Saibun Tjuatja received BSEE and Ph.D. from the University of Texas at Arlington (UTA) and MSEE from Purdue University. He is currently an Associate Professor and Undergraduate Program Advisor at UTA Department of Electrical Engineering. His research focuses on electromagnetic wave propagation and scattering in random media with applications to remote sensing and imaging, and subsurface sensing. Dr. Tjuatja served as a General Co-Chair of IEEE International Geoscience and Remote Sensing Symposium (IGARSS) 2017 in Fort Worth, Texas. He is the 2023-2024 Executive Vice President of IEEE Geoscience and Remote Sensing Society, an Associate Editor of the IEEE Transactions on Geoscience and Remote Sensing, and the Chair of Photonics and Electromagnetics Research Symposium Conference Publications Committee. He has been serving as a US National Science Foundation (NSF) proposal reviewer since 2000. Dr. Tjuatja is a member of Tau Beta Pi, Senior Member of IEEE, and Fellow of the Electromagnetics Academy.

ls_medium

Professor Mengjie Zhang

Mengjie Zhang is a Fellow of Royal Society of New Zealand, a Fellow of Engineering New Zealand, a Fellow of IEEE, an IEEE Distinguished Lecturer, currently Professor of Computer Science at Victoria University of Wellington, where he heads the interdisciplinary Evolutionary Computation and Machine Learning Research Group. He is also the founding Director of the Centre for Data Science and Artificial Intelligence at the University.
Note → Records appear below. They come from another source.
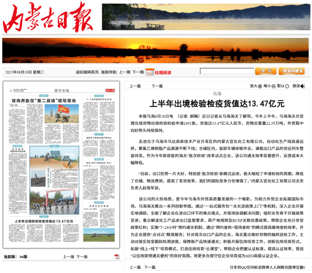 ●8月19日,《内蒙古日报》发布文章《上半年出境检验检疫货值达13.47亿元》。(乌海海关供稿)
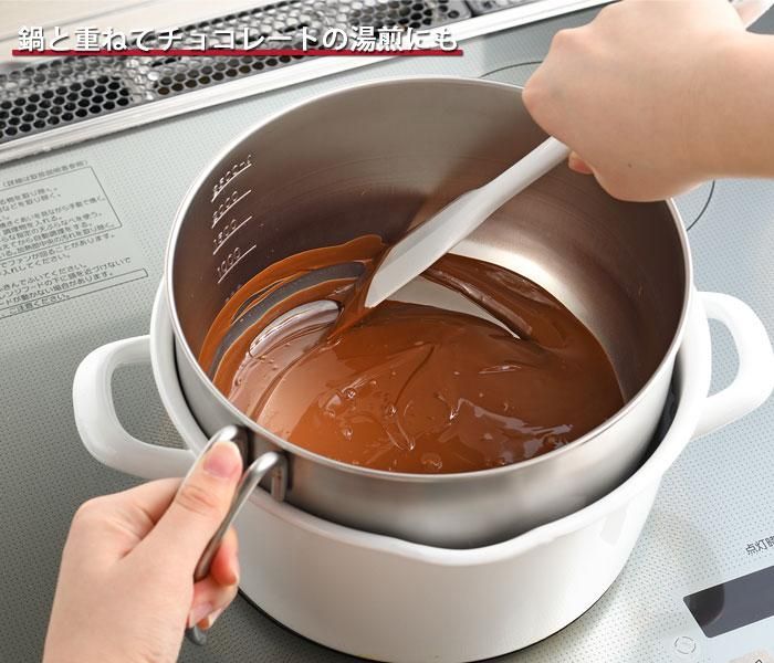 取っ手は角度、形状、取り付け位置を持ちやすさ、注ぎやすさ、ボウルの固定に配慮して設計されています。清潔でさびにくい18-8ステンレス製。底面積があり安定感がある形状です。
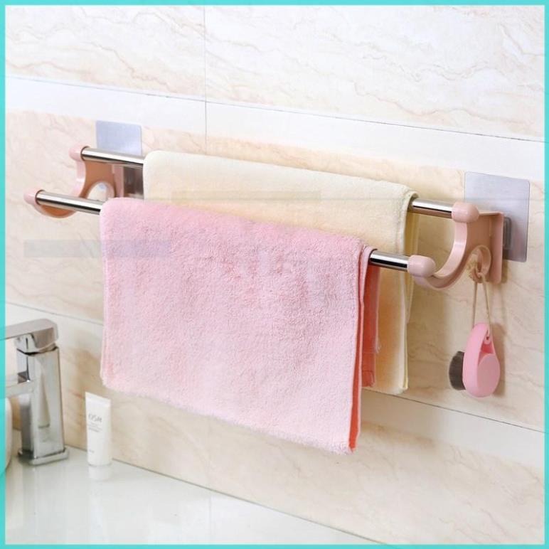 Kệ vắt khăn 2 thanh inox Dính tường siêu chắc-kệ treo khăn 2 tầng tiện lợi dán tường
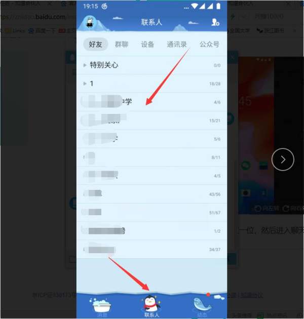 2、然后进入到QQ页面之后,在自己的好友列表中随意选取一位,然后进入聊天界面中。
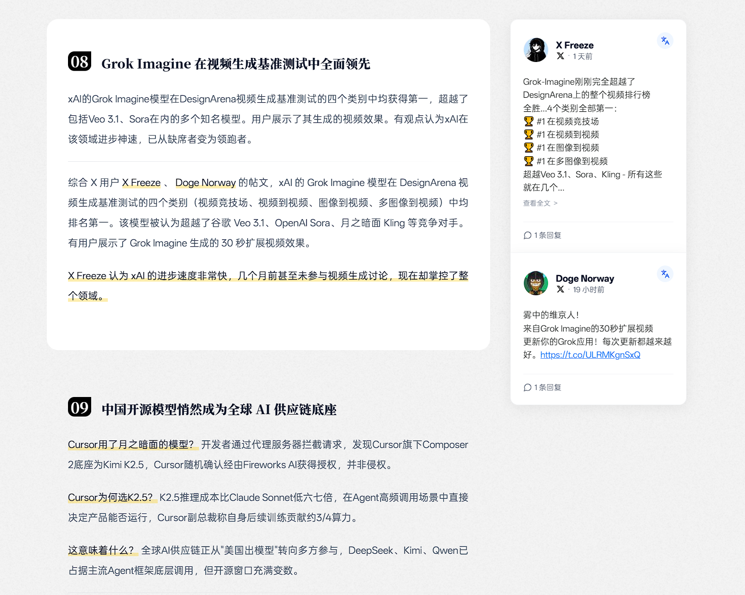 - 我们在今天上线了新版本的聚合模块。该模块在我们的内部 eval 中相较于旧版本提升了 28.06 分,相较于旧版效果提升了约 50.13%。该版本的聚合会在明天开始的推送生效。

His research is mainly focused on AI, machine learning and big data, particularly in evolutionary learning and optimisation, feature selection/construction and big dimensionality reduction, computer vision and image analysis, scheduling and combinatorial optimisation, classification with unbalanced data and missing data, and evolutionary deep learning and transfer learning.